MNCDHH Legislative Update – February 27, 2017

Legislative Update, February 27, 2017

This week we had a hearing, additions to the Commission’s legislative agenda, new understanding of a bill already on the agenda, and more bill introductions.

Hearing on training for staff who care for seniors
The bill to require training for staff who care for seniors (HF 952) had a hearing in the House Subcommittee on Aging on Wednesday, February 22, 2017. The author, Representative Deb Kiel, described challenges experienced by her family members with hearing loss while communicating with staff in care settings. Board member Dr. Mark DeRuiter gave an overview of the Commission’s work on age-related hearing loss. Dr. Rebecca Younk explained that seniors with age-related hearing loss miss out on connections with their family members.

Representatives from organizations that represent assisted living facilities shared that they have concerns about the proposal, but that they are in discussions with us about what is workable. The committee unanimously passed the bill. It will be heard again next week in the House Health and Human Services Policy Committee.

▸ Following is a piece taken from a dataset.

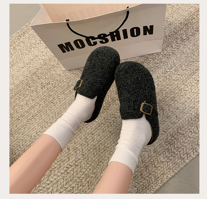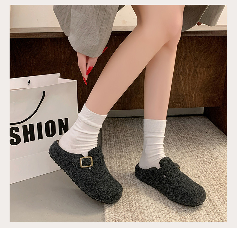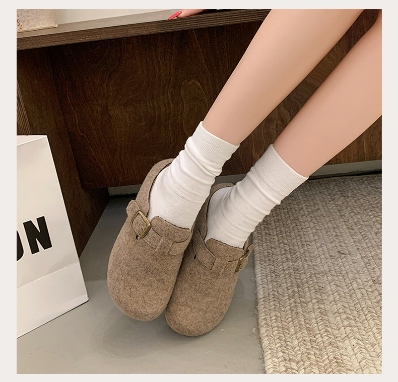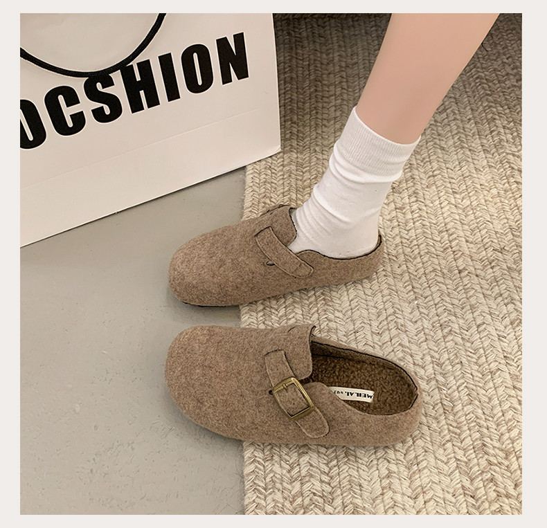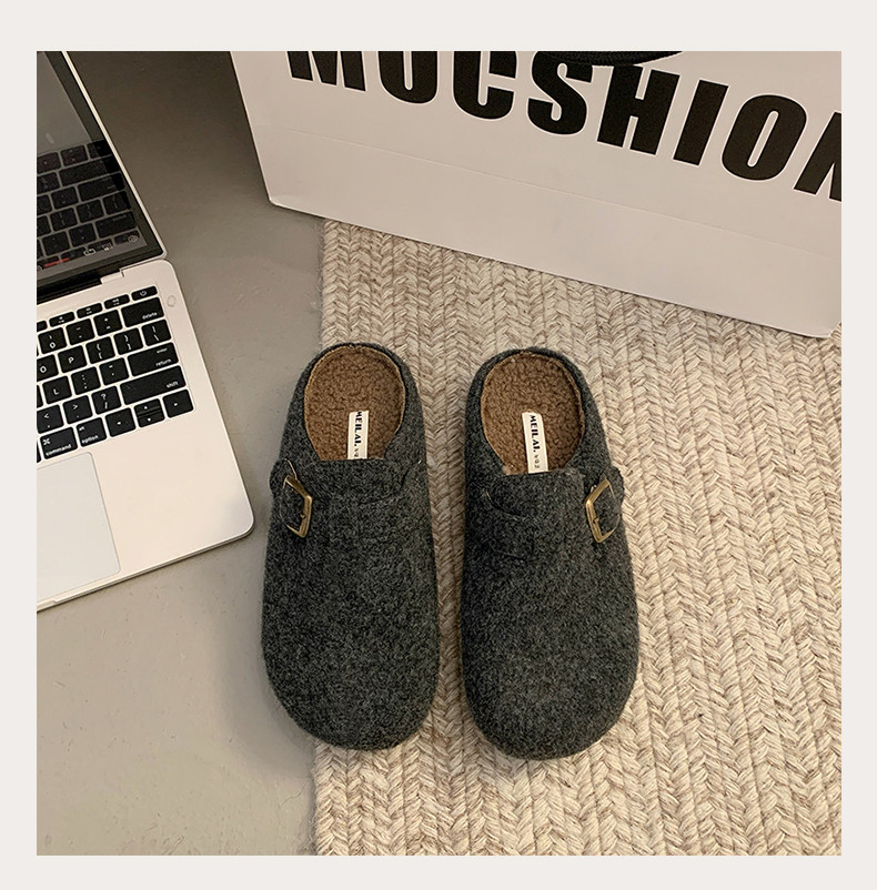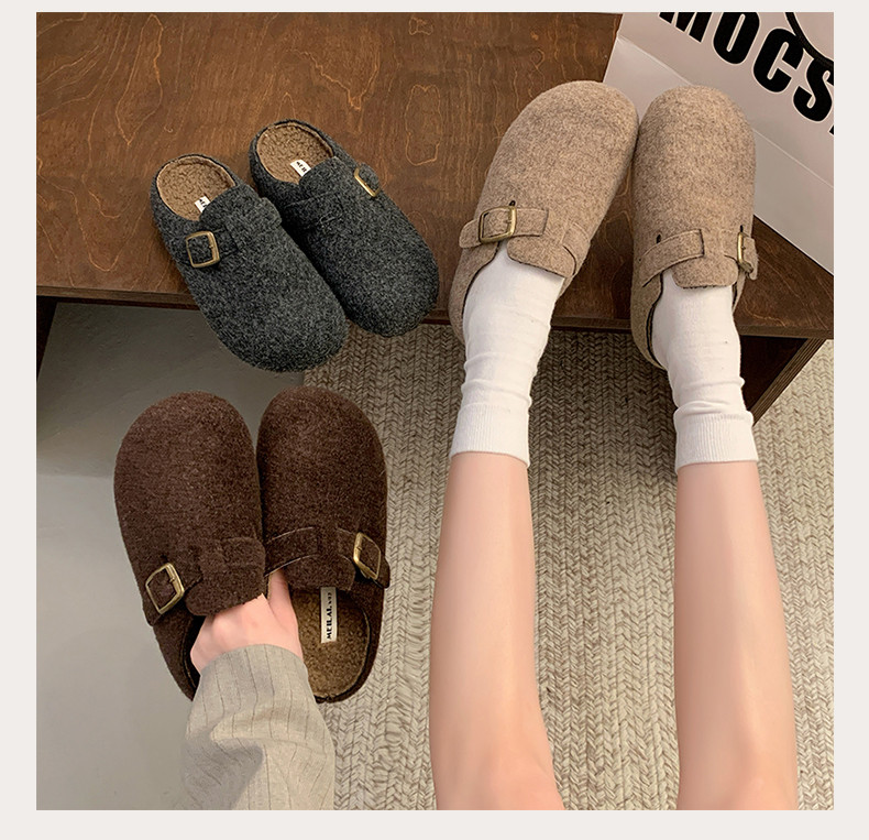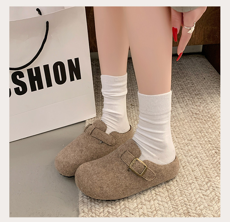 復古勃肯鞋毛毛拖鞋女外穿2025新款秋冬一腳蹬懶人鞋加絨包頭棉拖

Hearing on increasing the Commission’s funding
Also on Wednesday, there was a hearing on HF 1043, a bill that will increase the Commission’s funding in the Commerce Committee in the House. There was a brief hearing, MNCDHH was given five minutes and Mary Hartnett testified. It passed and was sent to the Job Growth and Energy Affordability Policy and Finance where there will be a full hearing.

Additions to the Commission’s Legislative Agenda – Education & Voting
The Commission has added a new education policy to the list of bills that we will be working on this legislative session. The Legislature is looking at restructuring the way that teachers in the state are licensed. The primary bill being considered in the House is HF 1079, which is authored by Representative Sondra Erickson (Princeton).

There are four licensure tiers proposed in order to address the dire shortage of teachers.

The licensing proposals would have a big impact on deaf, deafblind and hard of hearing students, ASL teachers and Deaf/Hard of Hearing licensed teachers. We will be in conversation with the legislators working on these bills about the needs of all of these groups.

The Commission also decided to support a bill related to voting. The bill’s goal is to protect the privacy of voters who use equipment that makes voting accessible. Some new accessible voting equipment being used in Minnesota has ballots that are smaller than those used by other voters. This means election judges who worked in the polling place on Election Day could automatically know who cast that ballot. This bill protects voters’ privacy by preventing election judges from conducting a recount of votes in that precinct if fewer than 10 voters used the accessible voting equipment.

New understanding of a bill already on the agenda
The legislative agenda released in January explained that the Commission is opposed to any efforts to weaken laws that require businesses websites to be accessible. As we have worked with our allies on this issue, we have come to understand that the ADA, other federal laws and the state law do not explicitly require that businesses make their websites fully accessible, i.e. screen reader friendly, closed captions, etc.

To add on to the bad news, business groups want to clarify that the state law does not require businesses’ websites to be accessible and that individuals cannot bring a lawsuit to force them to be accessible. The business groups have a lot of influence with legislators and this type of bill is likely to pass.

However, we will be asking legislators to at least add a few good things such as
• Include language encouraging all businesses to make their websites fully accessible,
• Require the state to give preference to doing business with businesses that have accessible websites.
• Furthermore, require that the state only give business to IT companies that have accessible websites, since IT companies at least should know how to make their sites accessible.